01 The Return by Roberto Bolaño trans. Chris Andrews

Sex, Violence, and Literature

Roberto Bolaño has been at the top of my list of favorite authors for about four years.
Why? Because he's better than you.
I like to think of him as these things:
1. a failed poet that found success in fiction (everyone that fails is better for it)
2. obsessed with all the best themes at the wrong time, and
3. one that died too young (drug circumstances notwithstanding)

I could easily waste 1000 words discussing the letdowns of the translation by Andrews or the crap editing/production job of New Directions, but those are two negative aspects in this new year of optimism and positivity.

The Return
reawakened my love of this Chilean expat. The Savage Detectives has been and remains my favorite work by Bolaño because of the humor, confusion, and scope; Admittedly I've never loved any of his shorter fiction (novellas, short stories).

While there are moments of perfection in all of his writing, I have pages of quotations that forced me laugh, admire, and miss my stop on the train, The Return finds a way to make those moments span an entire story that creates a feeling of eternity but can be read in 30 minutes. It's hard to explain, but within the 13 stories in this collection I felt fear, anger, love, arousal, disgust, awe, and satisfaction.

Yeah, I said aroused. "Joanna Silvestri" is a fantasy. Not my fantasy, but Bolaño makes her yours. I was happy the book is hardbound, just wished it was a bit bigger.

Sex is an obsession for Bolaño-themes of prostitution, pornography, and whores collide with violence and revenge. The story titled "Murdering Whores" really is about a whore that murders. Bolaño doesn't play with cliché. His background in poetry will not allow it. But he knows sex. Sex is used as bait, pleasure, profession, and child rearing.

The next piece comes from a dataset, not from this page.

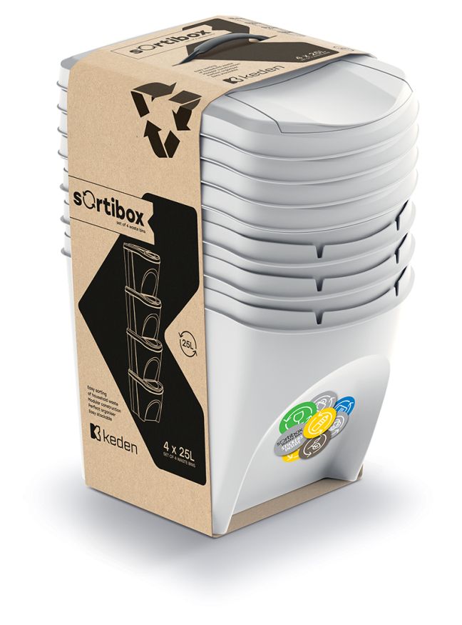 Sada 4 odpadkových košov SORTIBOX - objem: 4x25 l, farba: popolavo šedá

Why is this worth reading and rereading? Because it is poetry. It makes you experience everything for the first time again, every time. Bolaño creates characters that are realistic, believable, and at the same time you wish they weren't. Nazis, Russians, ghosts, detectives.

Oh yeah, there's an awesome story about witchcraft in the Spanish First Division and Champion's League. I think Bolaño wrote that one for me though.

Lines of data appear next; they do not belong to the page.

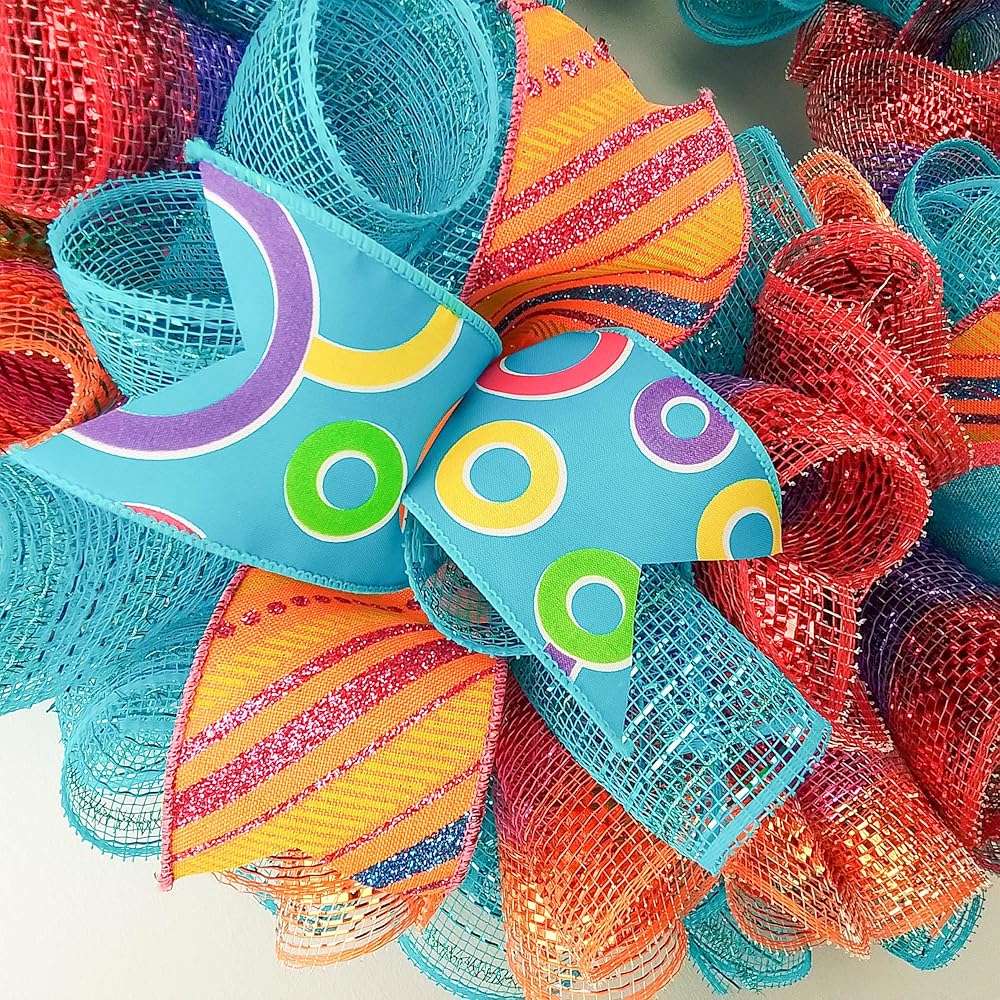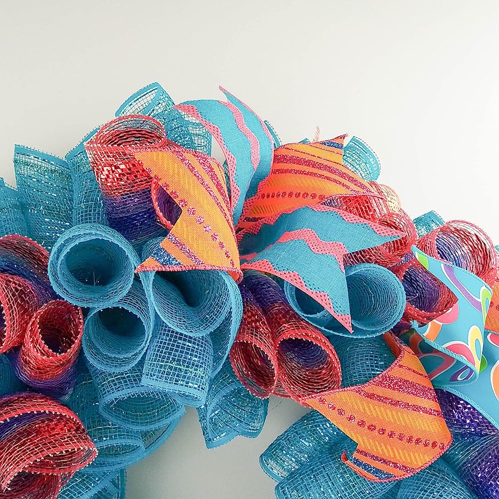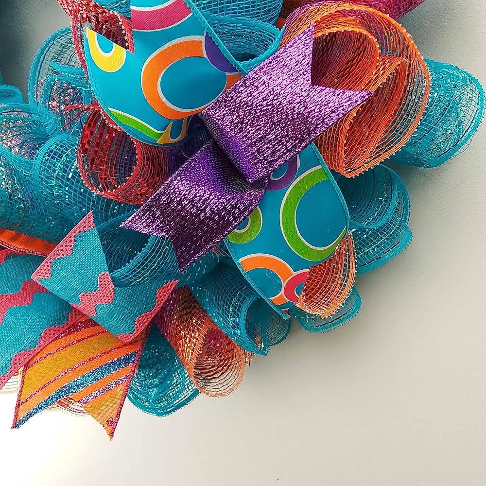 This ready to ship wreath is made with orange, turquoise and white mesh and accented with several different colors of ribbons
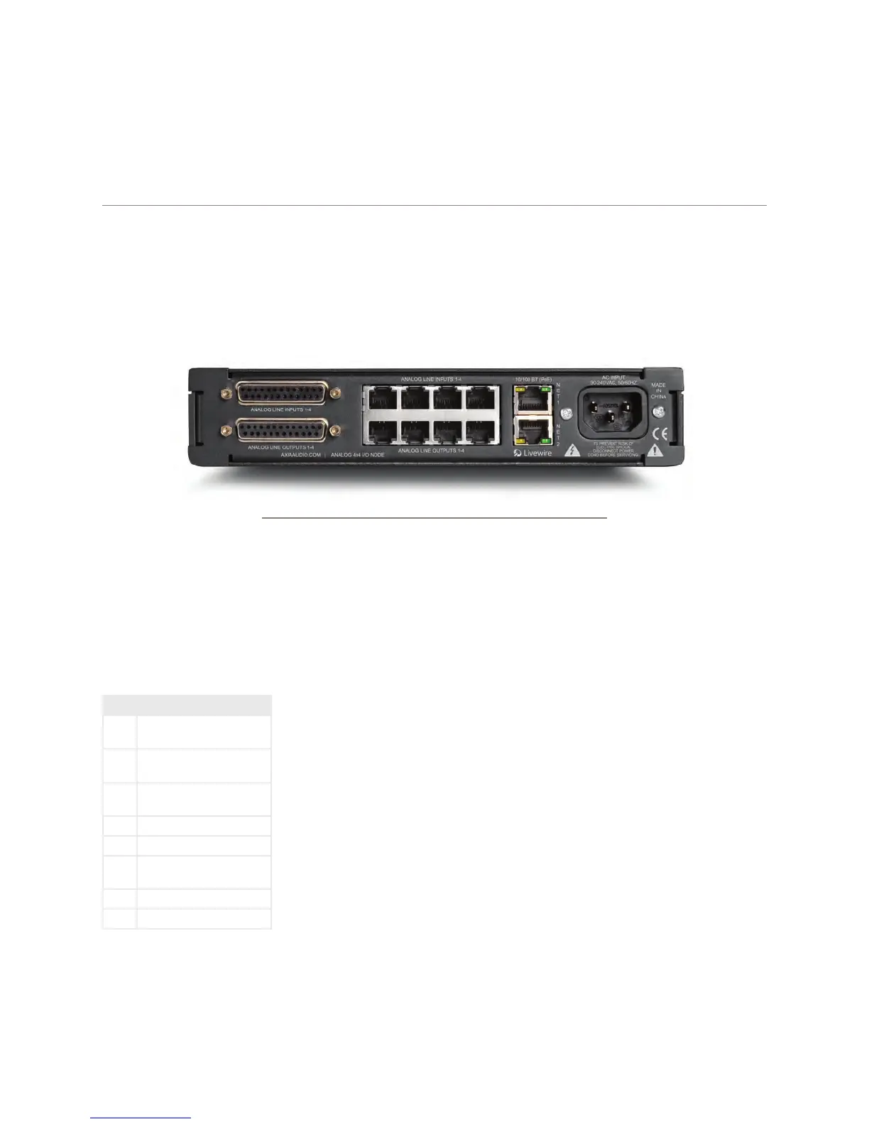 The top 4 RJ-45 style ports are line level analog inputs. The bottom 4 RJ-45 style ports are line level analog outputs.
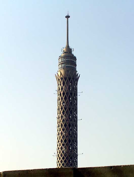 Cairo tower: - káhirská rozhledna. Metrem na stanici Opera, od nádraží je to směrem na Gízu. Věž je vlastně na jednom nilském ostrově. Z metra vylezete právě na tom ostrově, od metra kousek po proudu. Nemůžete ji minout, je vidět skoro odkudkoliv.
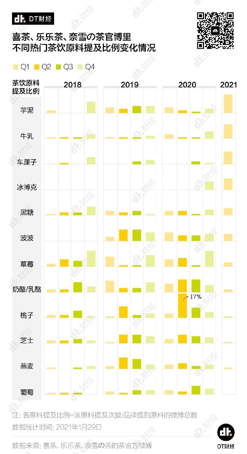 DT君采集了三家奶茶品牌的官博,将它们在微博中提及的热门奶茶元素按照时间进行了梳理,发现了一些有意思的变化。
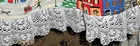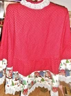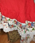 Fantastic find: this handmade tree skirt that features classic red and lace with home town scene! Very good, clean condition; stored carefully. Size is large. cotton fabric, lace is double tiered white. Measures approx 4 1/2" diameter at top x 62" diameter at lace edge. See photos for all the details. Always smoke-free.. Please see all my listings for clothes, accessories and unique finds!. Shipping is always combined when possible.
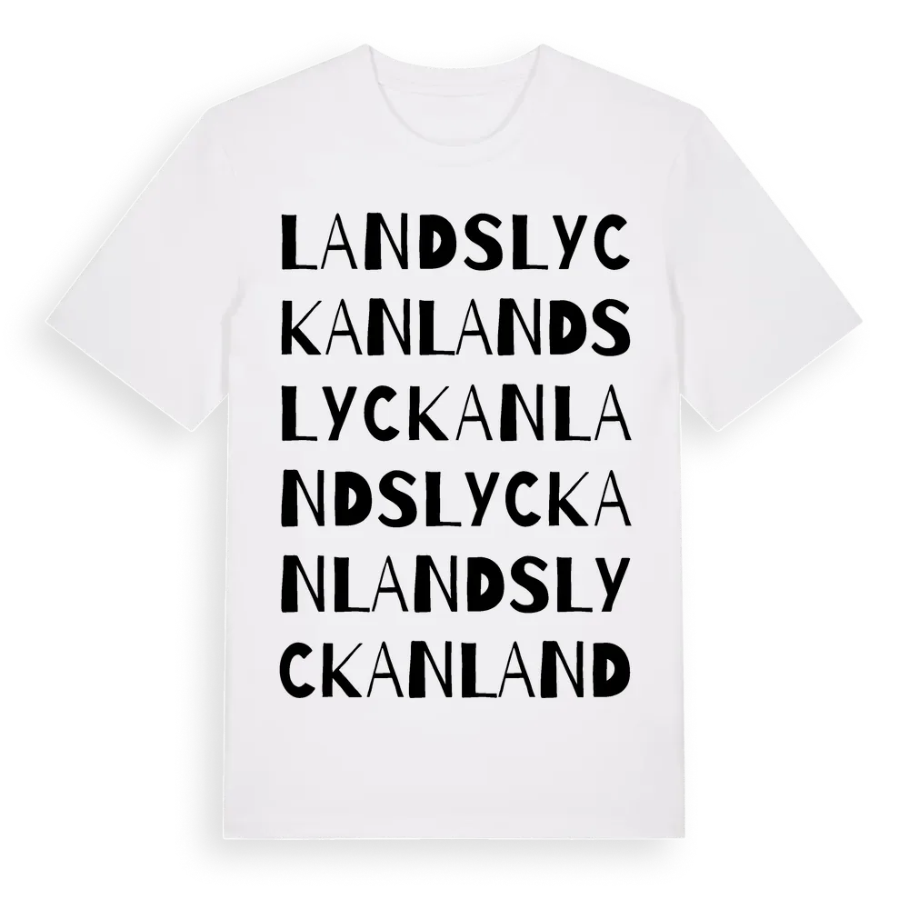 Landslyckan ordlek t-shirt är inspirerad av Landslyckan i Hallands län, Sverige. Tröjan är designad för dig som har en speciell koppling till platsen – oavsett om du bor här, har rötterna här eller bara älskar Landslyckan.

p.s.-if you think this is crude and that you, as a self respecting young woman or man, would never read such trash, be happy I didn't mention the story on necrophilia

3 comments:

Christopher said...

As a self-respecting young woman or man, I would never read this trash.

lawnwrangler said...

and emma makes your top ten list?

jane austen called, she wants her smut novels back.

How'd the new regents go? any kids tell helen keller jokes?

How'd Helen burn her ear?

Christopher said...

The Regents sucked. And I'm not going to answer your joke about Helen Keller and the iron.

Anyway, change your total/booklist, and welcome!